Task item: A word-for-word copy of the data is what's wanted, with no pictures.

(Dataset extract begins)

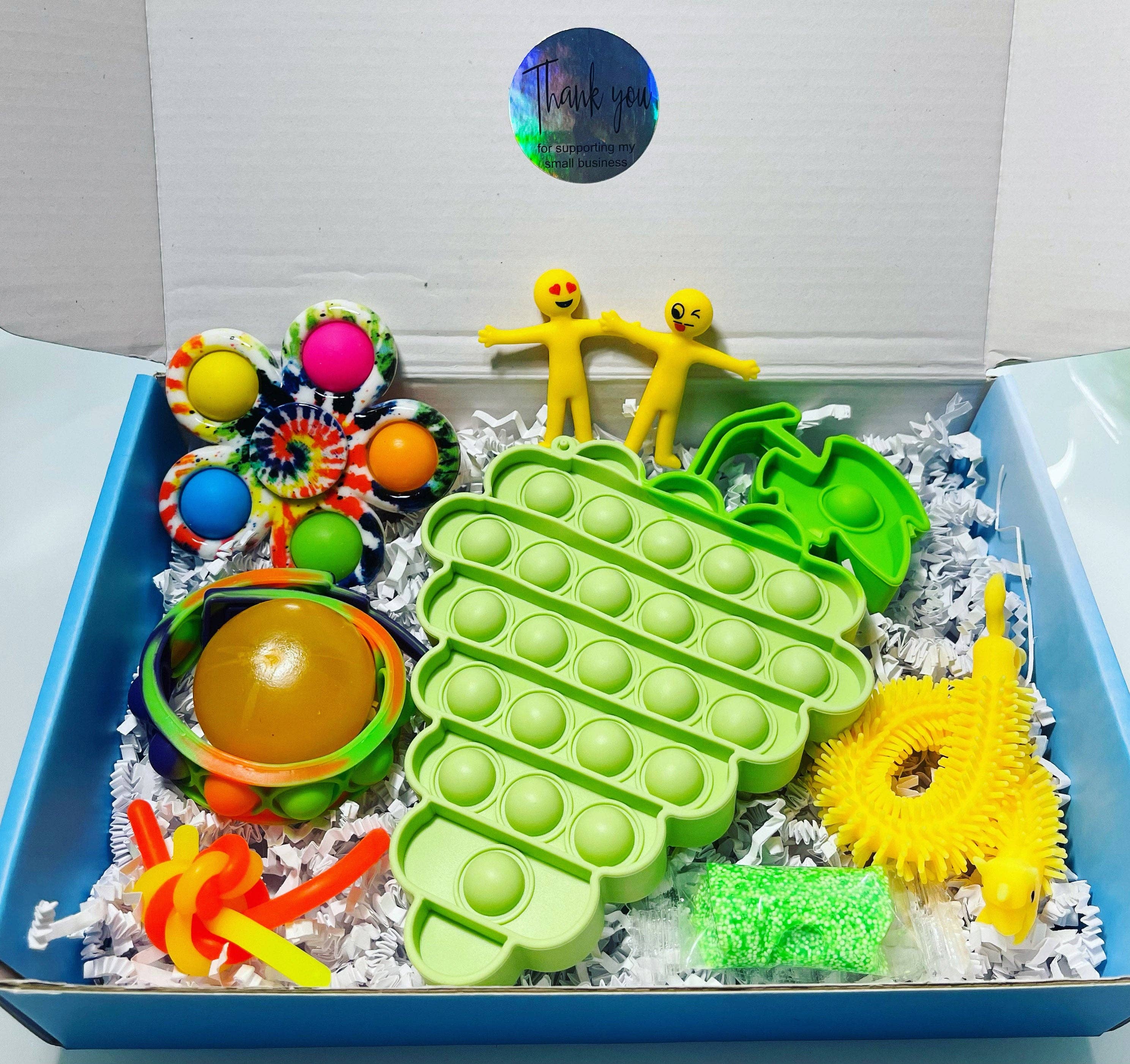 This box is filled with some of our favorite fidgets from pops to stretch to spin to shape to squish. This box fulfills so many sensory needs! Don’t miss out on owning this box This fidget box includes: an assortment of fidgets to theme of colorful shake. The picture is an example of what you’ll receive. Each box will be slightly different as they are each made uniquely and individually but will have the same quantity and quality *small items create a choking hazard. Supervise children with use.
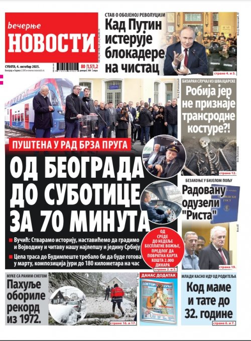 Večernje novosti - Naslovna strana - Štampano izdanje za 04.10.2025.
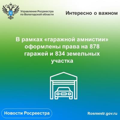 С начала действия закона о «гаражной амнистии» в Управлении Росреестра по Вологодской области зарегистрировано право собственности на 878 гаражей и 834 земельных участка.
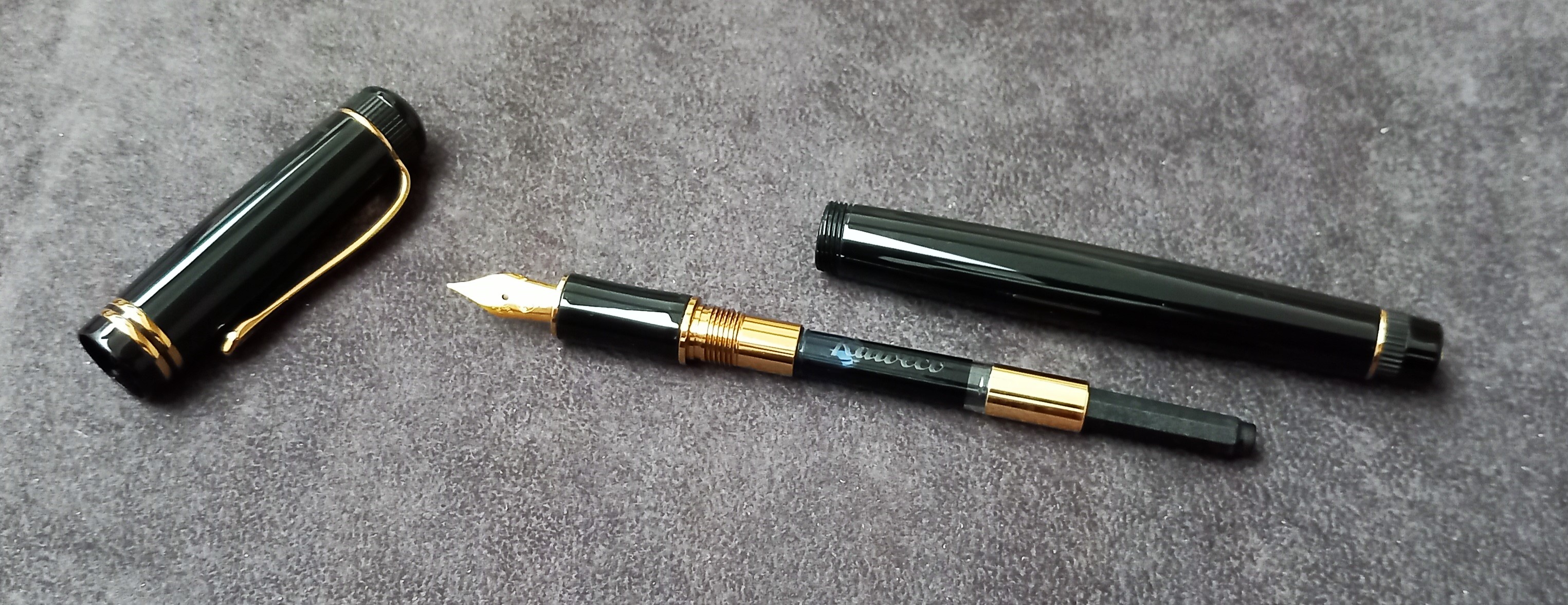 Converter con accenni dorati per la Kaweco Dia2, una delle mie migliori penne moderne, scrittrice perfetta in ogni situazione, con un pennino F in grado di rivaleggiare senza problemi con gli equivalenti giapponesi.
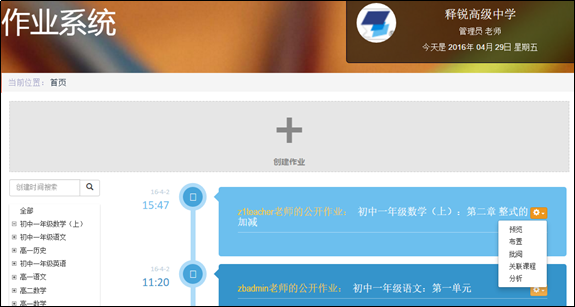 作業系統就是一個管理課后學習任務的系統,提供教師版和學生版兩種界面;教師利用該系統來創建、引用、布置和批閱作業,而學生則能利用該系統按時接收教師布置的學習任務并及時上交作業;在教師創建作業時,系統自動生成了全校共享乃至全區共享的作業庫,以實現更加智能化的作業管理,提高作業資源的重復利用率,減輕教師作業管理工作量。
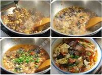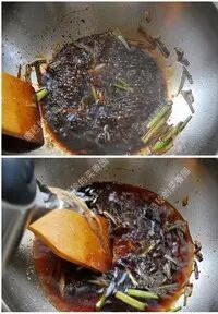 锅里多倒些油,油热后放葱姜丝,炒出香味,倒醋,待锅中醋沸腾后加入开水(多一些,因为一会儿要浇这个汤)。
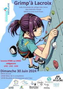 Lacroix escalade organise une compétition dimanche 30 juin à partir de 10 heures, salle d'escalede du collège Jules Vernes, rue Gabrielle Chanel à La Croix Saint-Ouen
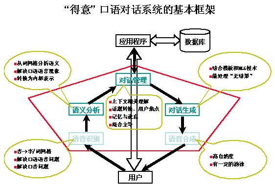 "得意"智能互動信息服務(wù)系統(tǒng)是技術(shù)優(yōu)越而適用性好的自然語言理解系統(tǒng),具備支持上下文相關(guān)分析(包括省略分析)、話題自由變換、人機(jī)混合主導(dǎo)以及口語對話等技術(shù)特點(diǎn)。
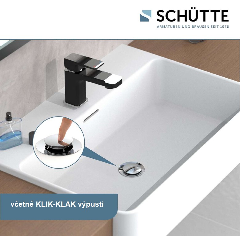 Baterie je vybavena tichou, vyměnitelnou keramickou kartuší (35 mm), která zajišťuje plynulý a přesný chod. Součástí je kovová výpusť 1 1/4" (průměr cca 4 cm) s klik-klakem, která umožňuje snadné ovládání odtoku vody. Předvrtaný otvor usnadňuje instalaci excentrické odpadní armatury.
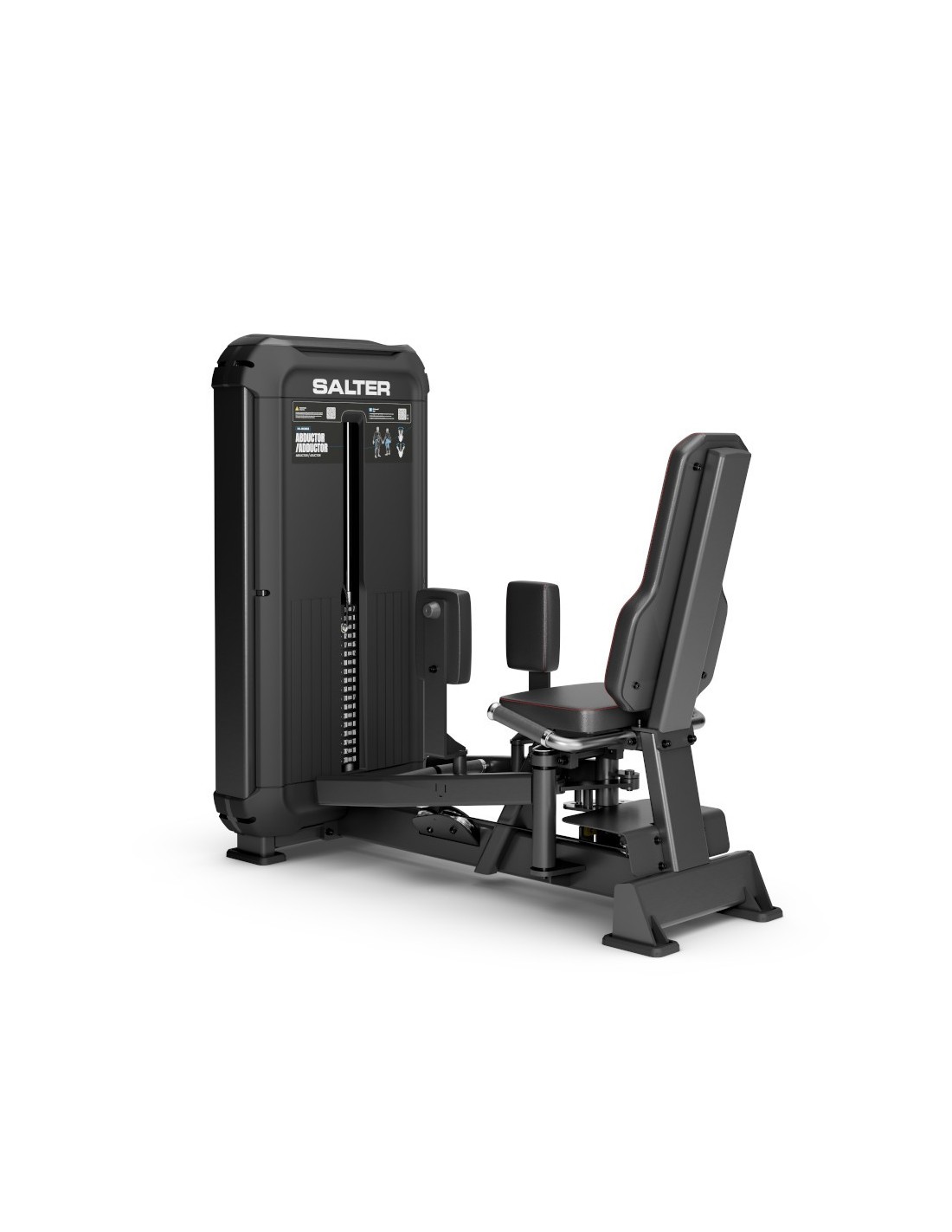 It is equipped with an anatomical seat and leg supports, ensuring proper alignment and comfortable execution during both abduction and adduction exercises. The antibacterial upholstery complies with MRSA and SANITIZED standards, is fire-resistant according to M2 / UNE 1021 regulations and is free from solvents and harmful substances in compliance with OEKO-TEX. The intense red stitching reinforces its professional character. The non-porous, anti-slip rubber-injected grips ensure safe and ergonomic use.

(Dataset extract ends)

Solution to this exercise:
 This box is filled with some of our favorite fidgets from pops to stretch to spin to shape to squish. This box fulfills so many sensory needs! Don’t miss out on owning this box This fidget box includes: an assortment of fidgets to theme of colorful shake. The picture is an example of what you’ll receive. Each box will be slightly different as they are each made uniquely and individually but will have the same quantity and quality *small items create a choking hazard. Supervise children with use.
 Večernje novosti - Naslovna strana - Štampano izdanje za 04.10.2025.
 С начала действия закона о «гаражной амнистии» в Управлении Росреестра по Вологодской области зарегистрировано право собственности на 878 гаражей и 834 земельных участка.
 Converter con accenni dorati per la Kaweco Dia2, una delle mie migliori penne moderne, scrittrice perfetta in ogni situazione, con un pennino F in grado di rivaleggiare senza problemi con gli equivalenti giapponesi.
 作業系統就是一個管理課后學習任務的系統,提供教師版和學生版兩種界面;教師利用該系統來創建、引用、布置和批閱作業,而學生則能利用該系統按時接收教師布置的學習任務并及時上交作業;在教師創建作業時,系統自動生成了全校共享乃至全區共享的作業庫,以實現更加智能化的作業管理,提高作業資源的重復利用率,減輕教師作業管理工作量。
 锅里多倒些油,油热后放葱姜丝,炒出香味,倒醋,待锅中醋沸腾后加入开水(多一些,因为一会儿要浇这个汤)。
 Lacroix escalade organise une compétition dimanche 30 juin à partir de 10 heures, salle d'escalede du collège Jules Vernes, rue Gabrielle Chanel à La Croix Saint-Ouen
 "得意"智能互動信息服務(wù)系統(tǒng)是技術(shù)優(yōu)越而適用性好的自然語言理解系統(tǒng),具備支持上下文相關(guān)分析(包括省略分析)、話題自由變換、人機(jī)混合主導(dǎo)以及口語對話等技術(shù)特點(diǎn)。
 Baterie je vybavena tichou, vyměnitelnou keramickou kartuší (35 mm), která zajišťuje plynulý a přesný chod. Součástí je kovová výpusť 1 1/4" (průměr cca 4 cm) s klik-klakem, která umožňuje snadné ovládání odtoku vody. Předvrtaný otvor usnadňuje instalaci excentrické odpadní armatury.
 It is equipped with an anatomical seat and leg supports, ensuring proper alignment and comfortable execution during both abduction and adduction exercises. The antibacterial upholstery complies with MRSA and SANITIZED standards, is fire-resistant according to M2 / UNE 1021 regulations and is free from solvents and harmful substances in compliance with OEKO-TEX. The intense red stitching reinforces its professional character. The non-porous, anti-slip rubber-injected grips ensure safe and ergonomic use.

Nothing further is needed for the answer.